** Activity **
Output the lines from the one holding "Un instant de" to the end of the entries that follow, exactly and only those, minus any pictures.
(Task material begins)
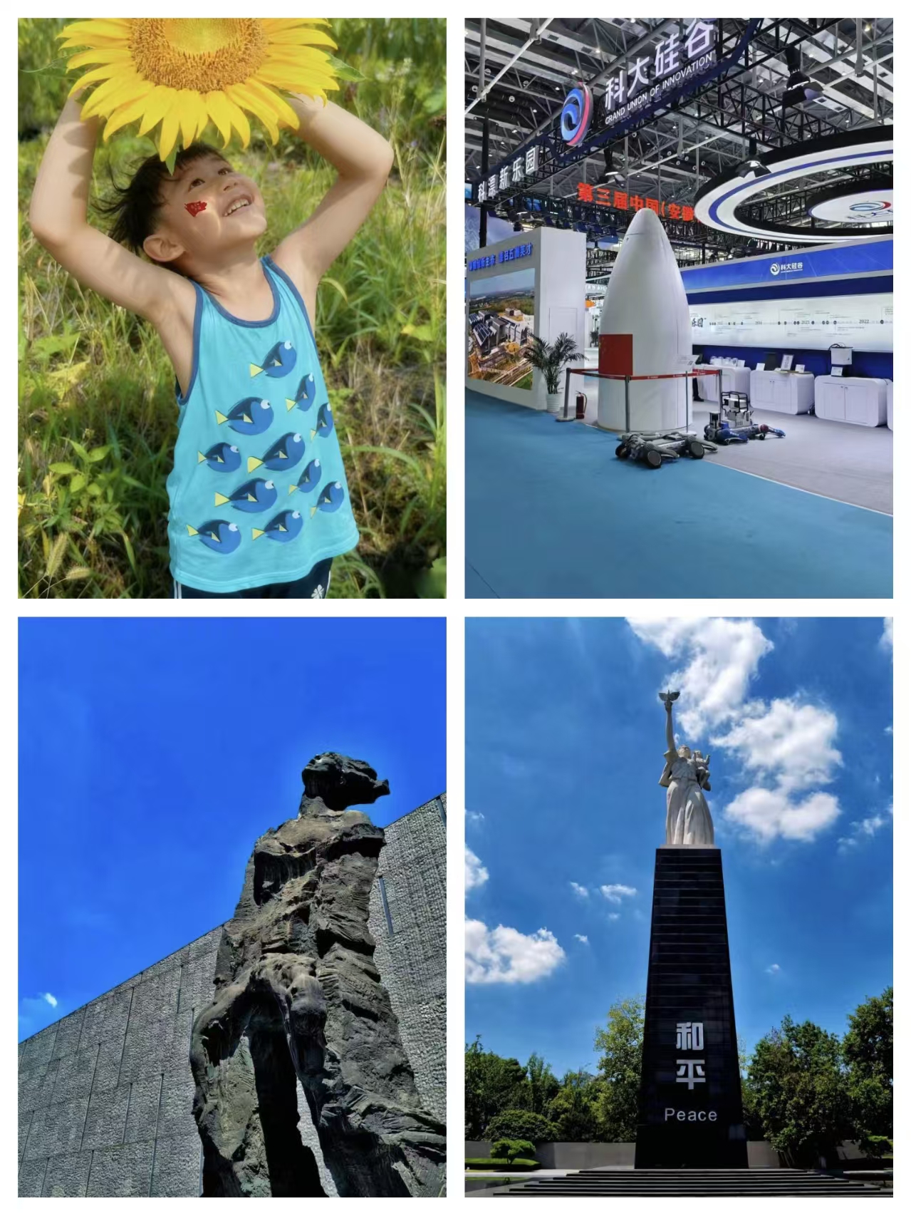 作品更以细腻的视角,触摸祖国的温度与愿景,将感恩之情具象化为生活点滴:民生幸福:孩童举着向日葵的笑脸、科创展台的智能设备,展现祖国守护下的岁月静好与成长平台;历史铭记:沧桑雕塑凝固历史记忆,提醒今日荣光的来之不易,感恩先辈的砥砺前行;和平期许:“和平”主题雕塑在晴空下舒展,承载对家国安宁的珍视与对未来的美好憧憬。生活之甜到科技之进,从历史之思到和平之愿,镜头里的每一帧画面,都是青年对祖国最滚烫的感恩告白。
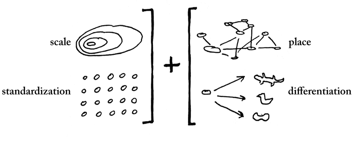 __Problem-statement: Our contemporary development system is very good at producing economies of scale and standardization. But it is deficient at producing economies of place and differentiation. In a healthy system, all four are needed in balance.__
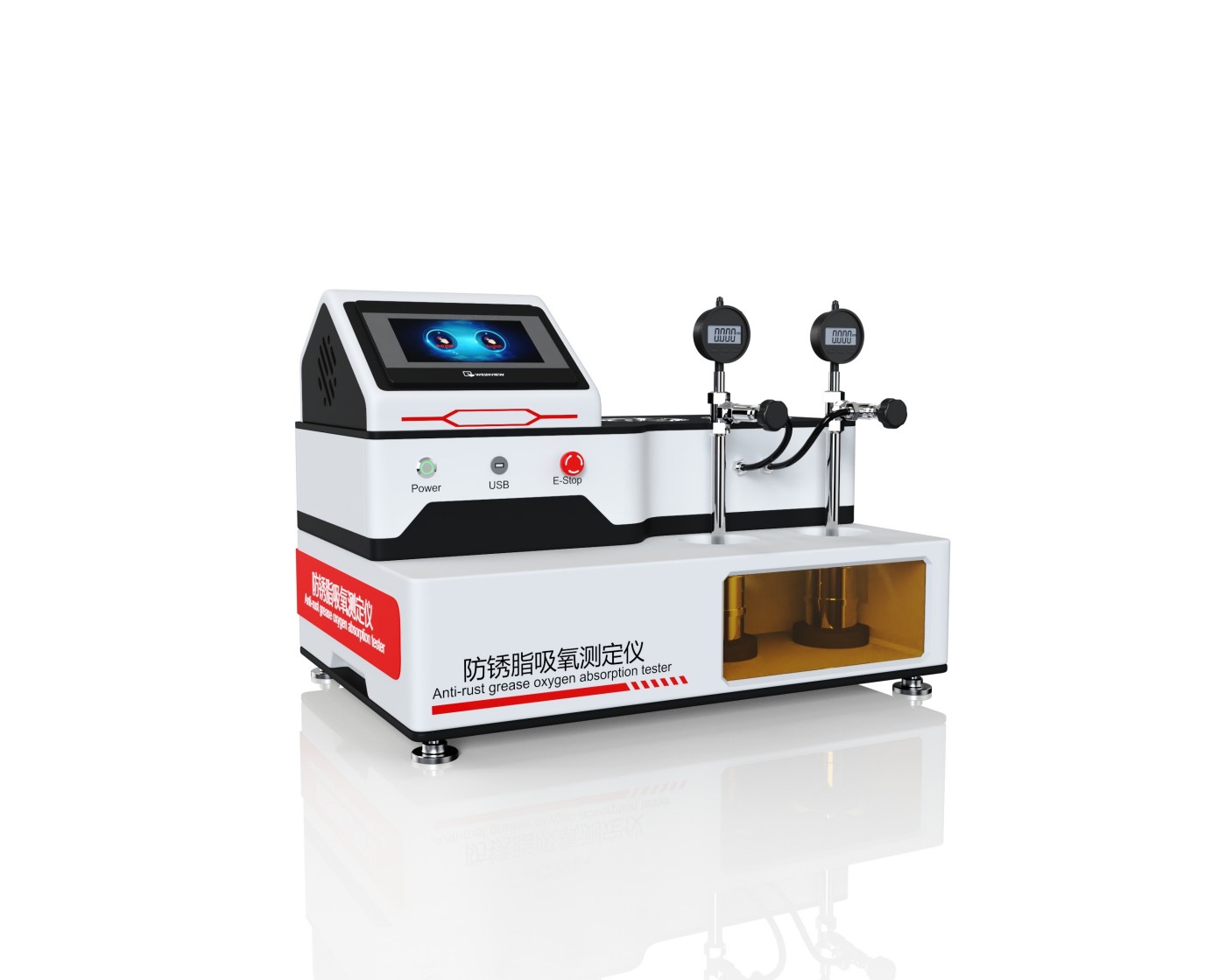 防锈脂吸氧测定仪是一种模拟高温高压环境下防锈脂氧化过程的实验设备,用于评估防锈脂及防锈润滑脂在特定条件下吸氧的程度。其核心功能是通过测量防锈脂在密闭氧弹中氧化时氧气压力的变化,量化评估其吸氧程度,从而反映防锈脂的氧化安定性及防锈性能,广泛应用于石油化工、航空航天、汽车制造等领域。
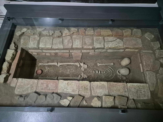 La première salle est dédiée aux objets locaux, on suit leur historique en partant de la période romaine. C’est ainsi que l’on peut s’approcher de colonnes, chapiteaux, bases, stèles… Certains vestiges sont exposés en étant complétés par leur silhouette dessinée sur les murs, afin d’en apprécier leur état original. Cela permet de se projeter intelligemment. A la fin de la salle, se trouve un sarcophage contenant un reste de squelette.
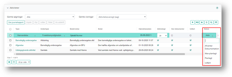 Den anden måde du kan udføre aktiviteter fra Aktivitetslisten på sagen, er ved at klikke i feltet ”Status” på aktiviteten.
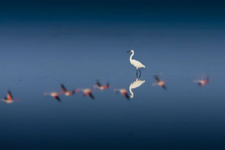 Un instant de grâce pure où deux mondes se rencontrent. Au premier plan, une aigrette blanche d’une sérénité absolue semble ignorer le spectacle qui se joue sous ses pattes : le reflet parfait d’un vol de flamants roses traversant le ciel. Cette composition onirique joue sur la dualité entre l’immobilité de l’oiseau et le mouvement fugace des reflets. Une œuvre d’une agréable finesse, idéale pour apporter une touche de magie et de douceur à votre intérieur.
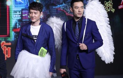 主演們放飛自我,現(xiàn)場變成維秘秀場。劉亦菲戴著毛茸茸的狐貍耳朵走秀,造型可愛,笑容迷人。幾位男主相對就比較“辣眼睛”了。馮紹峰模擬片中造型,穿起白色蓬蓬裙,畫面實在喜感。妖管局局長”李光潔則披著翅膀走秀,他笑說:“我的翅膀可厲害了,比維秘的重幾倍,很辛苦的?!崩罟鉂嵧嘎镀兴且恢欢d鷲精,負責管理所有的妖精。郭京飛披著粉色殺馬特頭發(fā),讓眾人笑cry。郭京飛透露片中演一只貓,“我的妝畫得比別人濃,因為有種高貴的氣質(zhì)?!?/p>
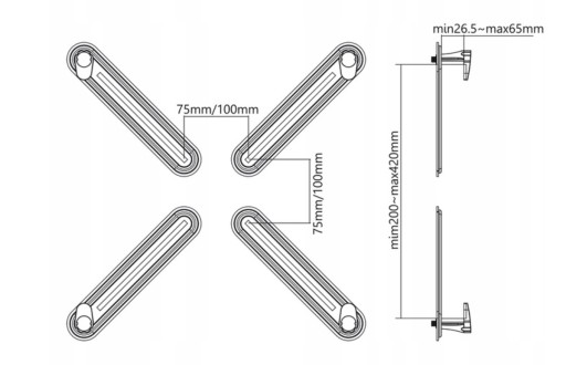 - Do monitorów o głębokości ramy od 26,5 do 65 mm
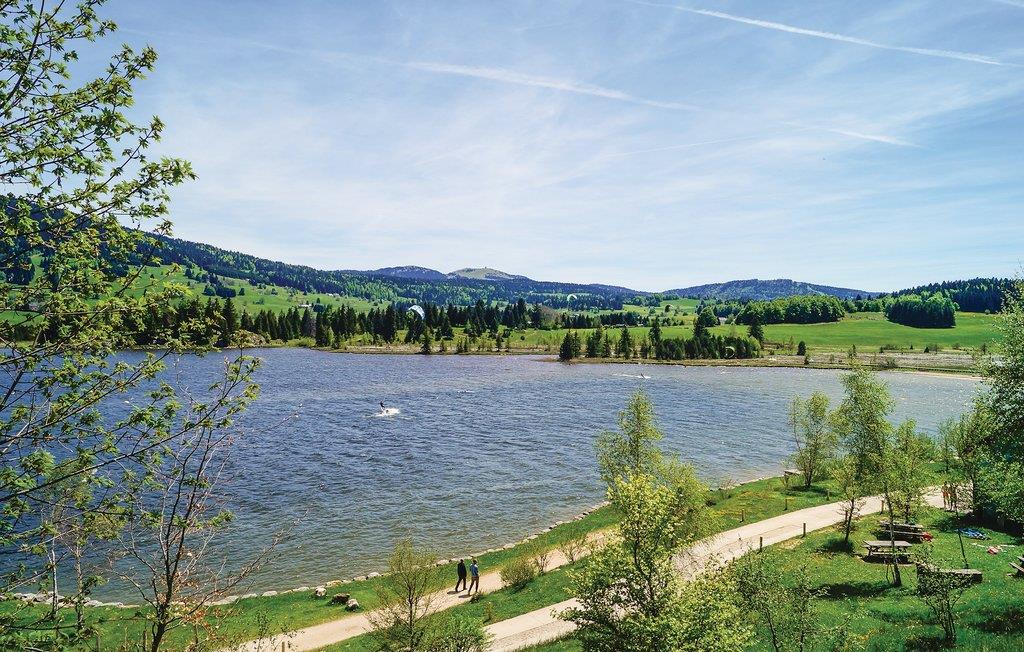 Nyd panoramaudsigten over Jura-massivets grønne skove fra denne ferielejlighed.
(Task material ends)
** Answer for the task **
 Un instant de grâce pure où deux mondes se rencontrent. Au premier plan, une aigrette blanche d’une sérénité absolue semble ignorer le spectacle qui se joue sous ses pattes : le reflet parfait d’un vol de flamants roses traversant le ciel. Cette composition onirique joue sur la dualité entre l’immobilité de l’oiseau et le mouvement fugace des reflets. Une œuvre d’une agréable finesse, idéale pour apporter une touche de magie et de douceur à votre intérieur.
 主演們放飛自我,現(xiàn)場變成維秘秀場。劉亦菲戴著毛茸茸的狐貍耳朵走秀,造型可愛,笑容迷人。幾位男主相對就比較“辣眼睛”了。馮紹峰模擬片中造型,穿起白色蓬蓬裙,畫面實在喜感。妖管局局長”李光潔則披著翅膀走秀,他笑說:“我的翅膀可厲害了,比維秘的重幾倍,很辛苦的?!崩罟鉂嵧嘎镀兴且恢欢d鷲精,負責管理所有的妖精。郭京飛披著粉色殺馬特頭發(fā),讓眾人笑cry。郭京飛透露片中演一只貓,“我的妝畫得比別人濃,因為有種高貴的氣質(zhì)?!?/p>
 - Do monitorów o głębokości ramy od 26,5 do 65 mm
 Nyd panoramaudsigten over Jura-massivets grønne skove fra denne ferielejlighed.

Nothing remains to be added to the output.